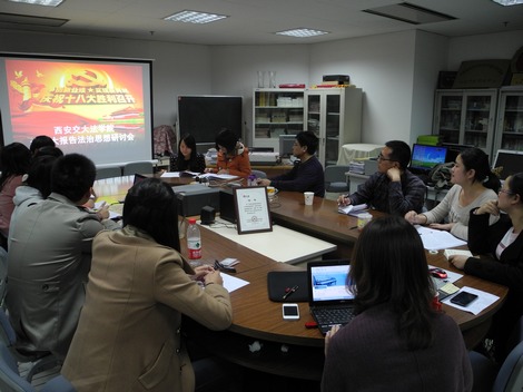 11月20日晚8点,开云电子体育_开云(中国)举办了学习十八大报告法治思想研讨会,由学院副院长、知识产权研究中心主任马治国教授、李晓鸣讲师组织,部分博士、硕士参加。
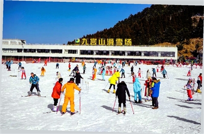湖北省九宫山旅游开发有限公司景区事业部副总经理阮诗燎介绍,九宫山滑雪场面积6万平方米,配备多套大小魔毯和全套造雪设备,可同时容纳4000人游玩。目前,武汉、咸宁、赤壁三地游客可乘专线直通车,直达九宫山滑雪场。
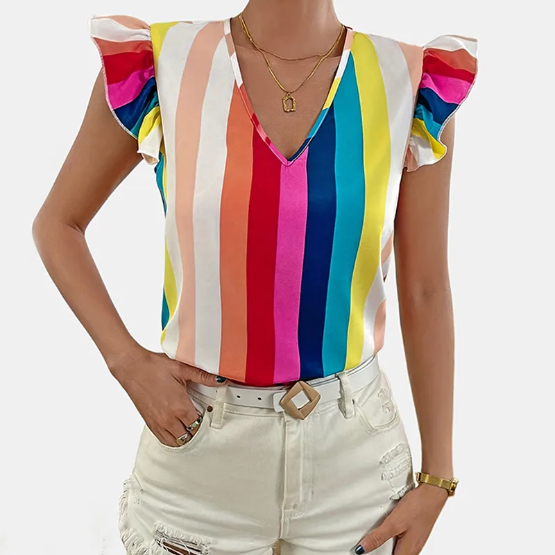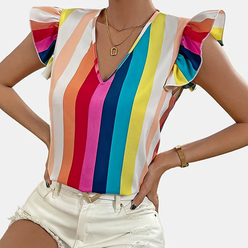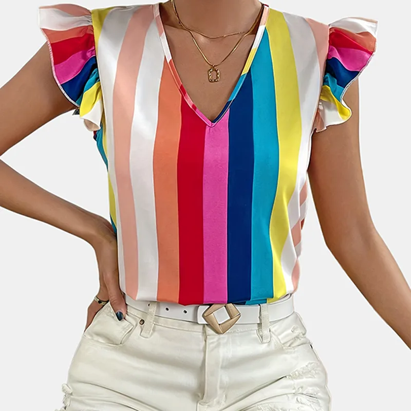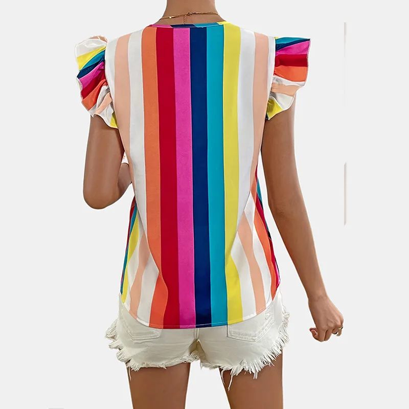 Wholesale women's blouse short sleeve blouses ruffles casual rainbow stripe
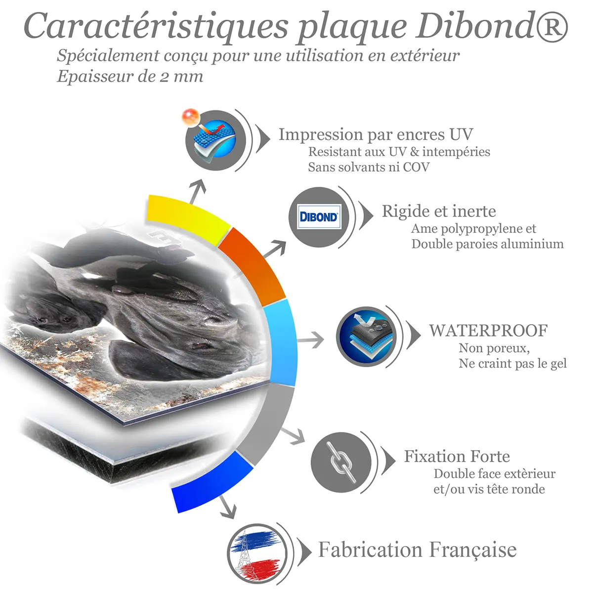 Oui, la plaque est fabriquée en aluminium Dibond de 2 mm et imprimée en UV. Elle ne craint ni la pluie, ni le soleil, ni le gel. Elle peut rester fixée dehors toute l’année sans perdre ses couleurs.

→ Task item: Please retype the data exactly as it appears, but without any of its pictures.

→ Written answer:
 11月20日晚8点,开云电子体育_开云(中国)举办了学习十八大报告法治思想研讨会,由学院副院长、知识产权研究中心主任马治国教授、李晓鸣讲师组织,部分博士、硕士参加。
湖北省九宫山旅游开发有限公司景区事业部副总经理阮诗燎介绍,九宫山滑雪场面积6万平方米,配备多套大小魔毯和全套造雪设备,可同时容纳4000人游玩。目前,武汉、咸宁、赤壁三地游客可乘专线直通车,直达九宫山滑雪场。
 Wholesale women's blouse short sleeve blouses ruffles casual rainbow stripe
 Oui, la plaque est fabriquée en aluminium Dibond de 2 mm et imprimée en UV. Elle ne craint ni la pluie, ni le soleil, ni le gel. Elle peut rester fixée dehors toute l’année sans perdre ses couleurs.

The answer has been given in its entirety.